New England State of Mind 

  

I received a call yesterday afternoon. The museum director, who’ve I’ve talked to several times over the past few weeks, called and said, “We’d like you to join our team.” I was overjoyed. She wanted me to think it over, but she said that everyone thought I was the perfect person for the job. I have been thinking it over a lot. I’ve prayed about it, and I knew that if this was what was in God’s plan for me then it would happen. I will call later this morning and officially accept the job and begin the process of finding a place to live.
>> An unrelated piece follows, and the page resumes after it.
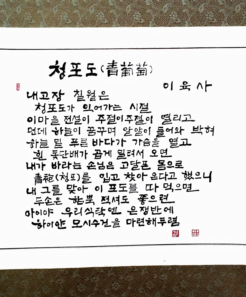 1연 : 청포도가 익어가는 칠월의 내 고장

Vermont, here I come. I’ve read what a lot of people say about how rural Vermont is, how unfriendly the people are, and how cold the winters will be. I grew up in a rural area and currently live in a rural area. I am more comfortable here than in a huge city, but Vermont is also one of the most liberal states in the country. Also, everyone I met was incredibly friendly. I realize that I will always be a “flatlander” but I’m ok with that. No one who ever moves to Alabama would ever be a true Alabamian. It’s part of the culture of the United States. As for the winters, I realize that they will be brutal, but I also know one thing, I have always loved cold weather. I hate the heat and humidity of the South. If there were three things I could change about the South, they’d be: the heat, the politics, and the racism. All are so ugly and hateful and cause people to be crazy.
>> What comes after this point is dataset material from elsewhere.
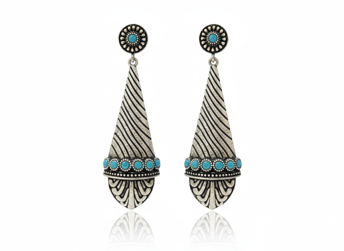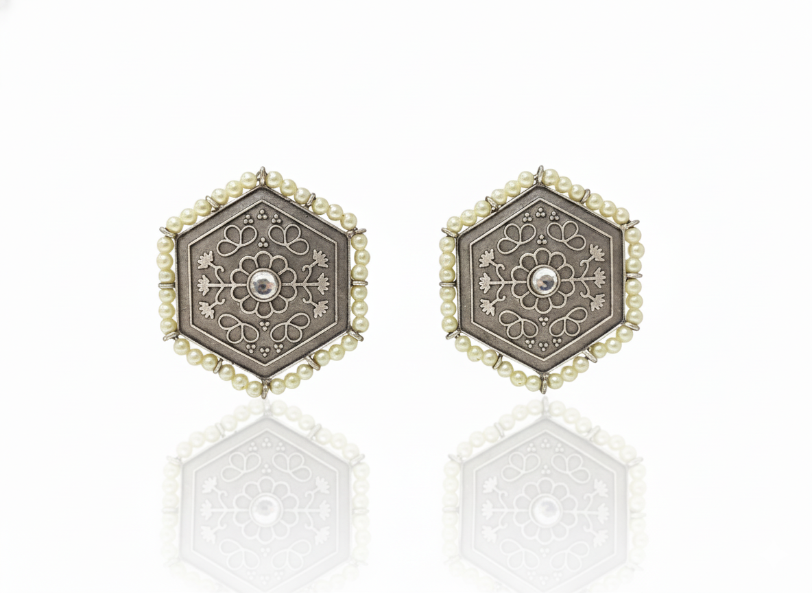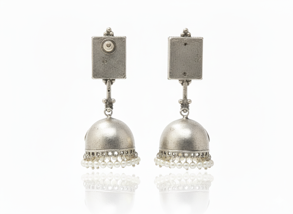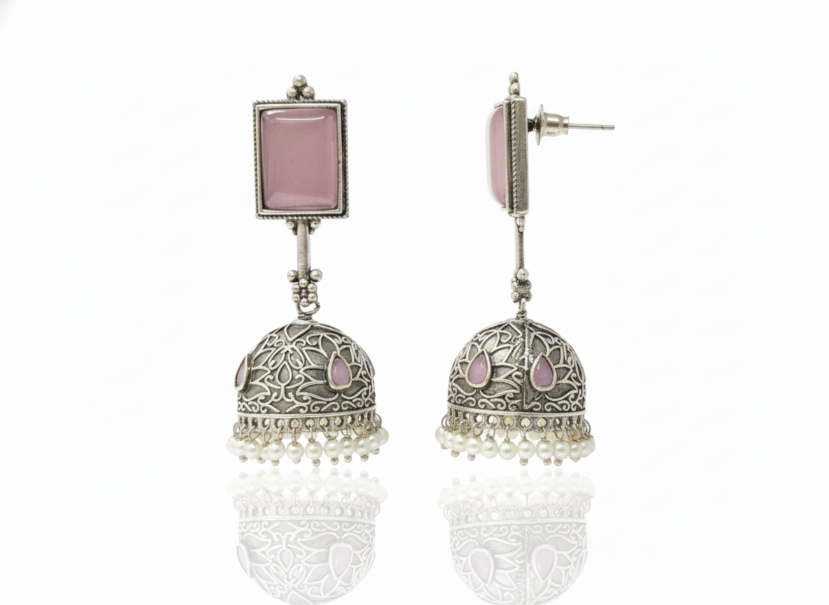 Enhance your ethnic look with these Rose Quartz Pearl Jhumka Earrings, beautifully crafted in an antique oxidized silver finish. The rectangular rose quartz stud adds a soft, elegant touch, while the handcrafted jhumka dome showcases intricate filigree detailing highlighted with subtle pink stone inlays. Finished with graceful pearl drops, these earrings offer gentle movement and timeless charm. Designed to be lightweight yet striking, they are perfect for weddings, festive occasions, and traditional celebrations. Pair them effortlessly with sarees, lehengas, or kurtas to add refined elegance and classic ethnic appeal to your ensemble.

So I am beyond excited to be moving. This is a dream job. It is doing something I love and am very good at, but it is also something that I never thought I’d have the chance to do. I may be teaching some, but I also may not be. We haven’t really discussed that. While I’ll be working at a university, I’ll be working in the university’s museum, not in the classroom. I’m good with that. The last five years teaching high school has traumatized me as far as classrooms go, though college students are always better to teach. The point is, I will be a historian. I didn’t spend all those years in undergrad and grad school studying history not to be a real historian, now that will actually be in my job title.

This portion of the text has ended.